**What is needed**
In the listing that follows, find the lines with the string "anys" and report how many there are, without commentary.

**Excerpted data**
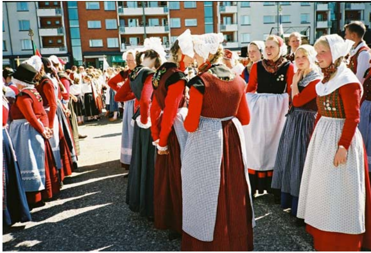
Väriä ei torilta puuttunut, kun odoteltiin ...
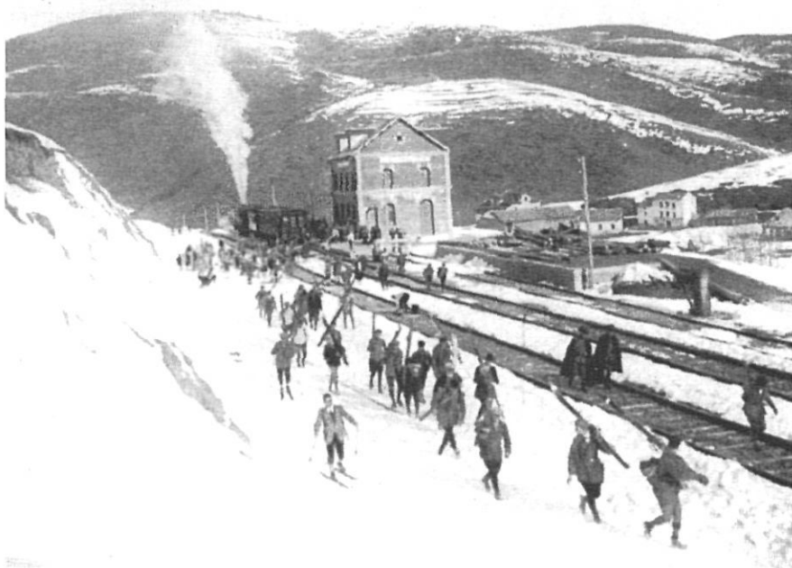
Arribada d'esquiadors a la Molina, els anys 20.

De manera paral·lela al muntanyisme, la pràctica de l'esquí va començar a guanyar adeptes. Les comarques de Girona varen ésser també pioneres en aquest esport i, des dels primers anys del segle, alguns esquiadors ja lliscaven pels vessants de les muntanyes dels Pirineus de Girona, a la Molina o a Núria. Fou precisament a la Molina, aprofitant que el ferrocarril havia arribat l'any 1923 fins a Puigcerdà, on el Centre Excursionista de Catalunya va decidir construir, l'any 1924, un ampli xalet per a la pràctica del nou esport de l'esquí, que cada dia tenia més adeptes. El xalet fou inaugurat el 5 de desem-
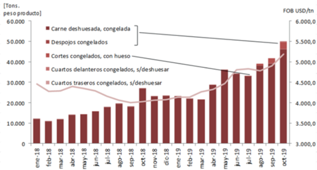
Gráfico 2: Evolución del volumen exportado por producto vs. Precio FOB promedio.

Fenómeno China: momento de definiciones - 06 de Diciembre de 2019
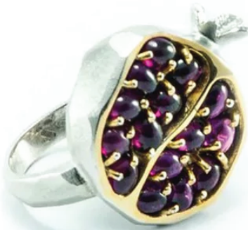
Il mito di persefone, Anello Melograno Artefatto Gioielli Vincitore Contest Artistar Jewels 2016

The event, open to all, starts from February 23 during the fashion week in Milan, at Palazzo Giuseconsulti, from 9.30 to 18.
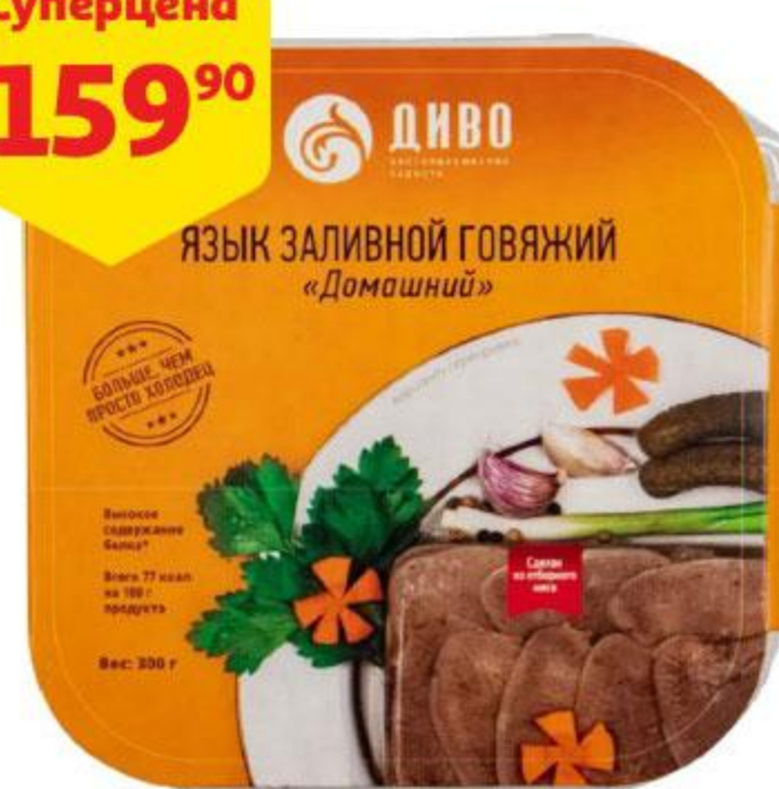
Язык ДИВО заливной говяжий Домашний, 300 г
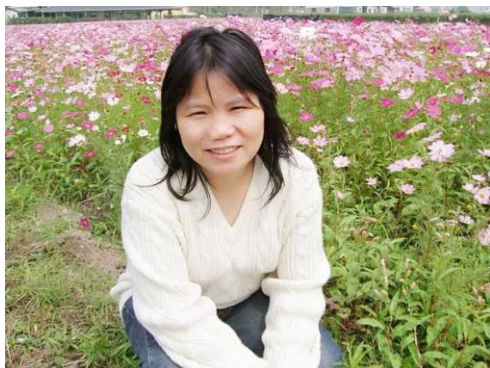
▷日本國立東北大學博士(文學)
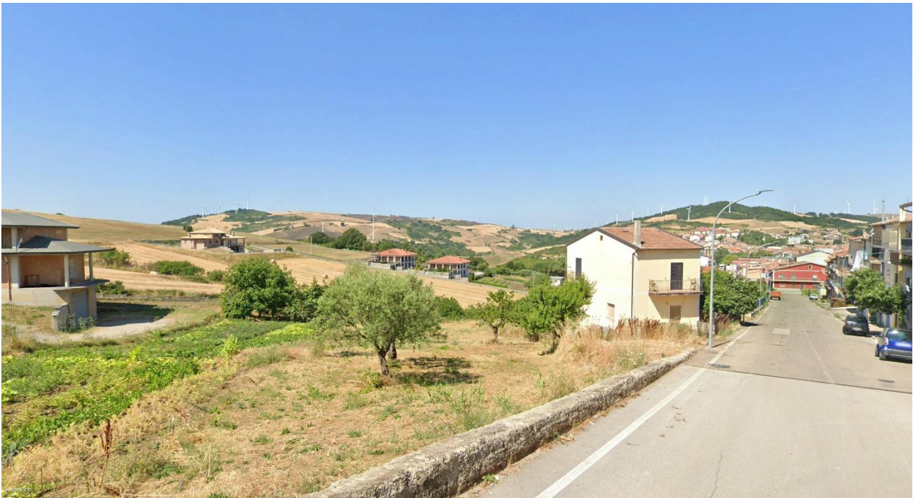
01 – Vista dal centro urbano di Aquilonia Via Circonvallazione Di Destra verso Nord/Ovest
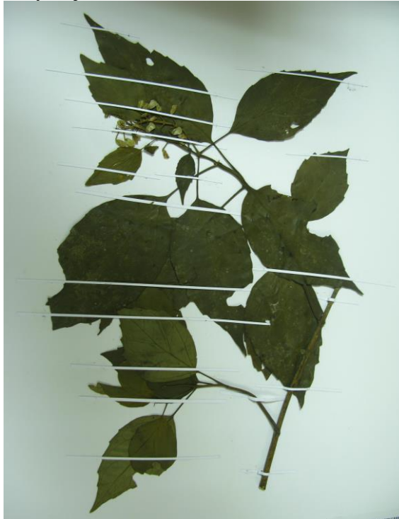
Figura 26. Inflorescencia y hojas de Scutellaria cf. Incarnata
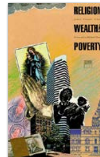
Religion, wealth and poverty, copertina, 1990

“La preoccupazione per i poveri è un elemento centrale del Cristianesimo. Tuttavia, il nostro modo di affrontare il problema della povertà non nasce dalla dottrina sociale cristiana ma dalla struttura umanitaria dominante dei nostri giorni: questo induce ad attuare strategie politiche ed economiche che si rivelano deleterie per qualsiasi reale prospettiva di aiuto, in quanto non toccano le esigenze concrete dell'essere umano. Oggi è quanto mai necessario un nuovo modo di pensare i poveri, cioè non come oggetti passivi, bensì come soggetti e protagonisti del proprio sviluppo, integrandoli in economie di mercato floride per l'accrescimento del bene comune”
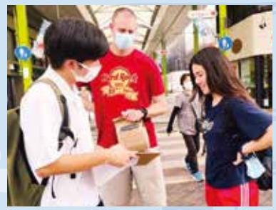
地域創生探究活動の様子

例：文系「離島教育の現状を知り、子ども達に平等な教育を」 理系「野菜や果物の非可食部分を用いた化粧品」 「終末期の患者さんに対する看護のあり方」
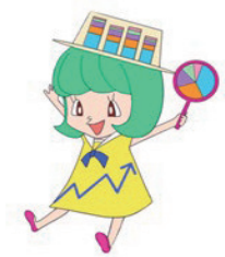
兵庫県統計協会マスコット グラちゃん

◆兵庫県統計協会及び兵庫県民会館4階「県民情報センター内 統計資料コーナー」で販売しています。
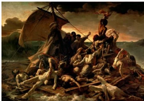
Slika 16. Théodore Géricault, Splav Meduze
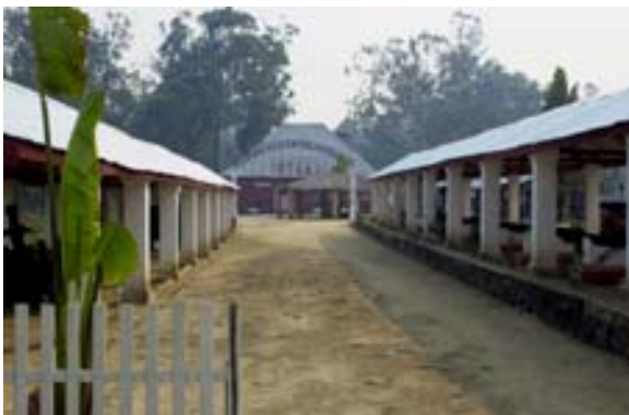
Eingang zum Museum

Stadtplan , welcher sich am Hauptplatz befindet
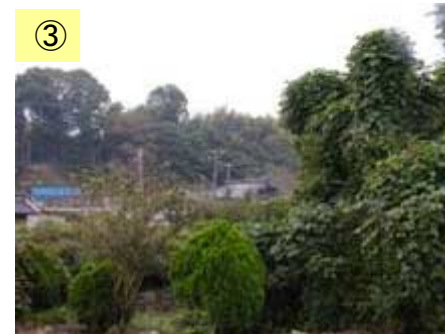
③ 人家が立地している
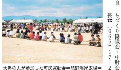
大勢の人が参加した町民運動会=旭野海岸広場=

「観光についての お問い合わせ先」 徳島市観光協会(622) 4010 / 観光課(621) 5232へ。

**Completed exercise**
2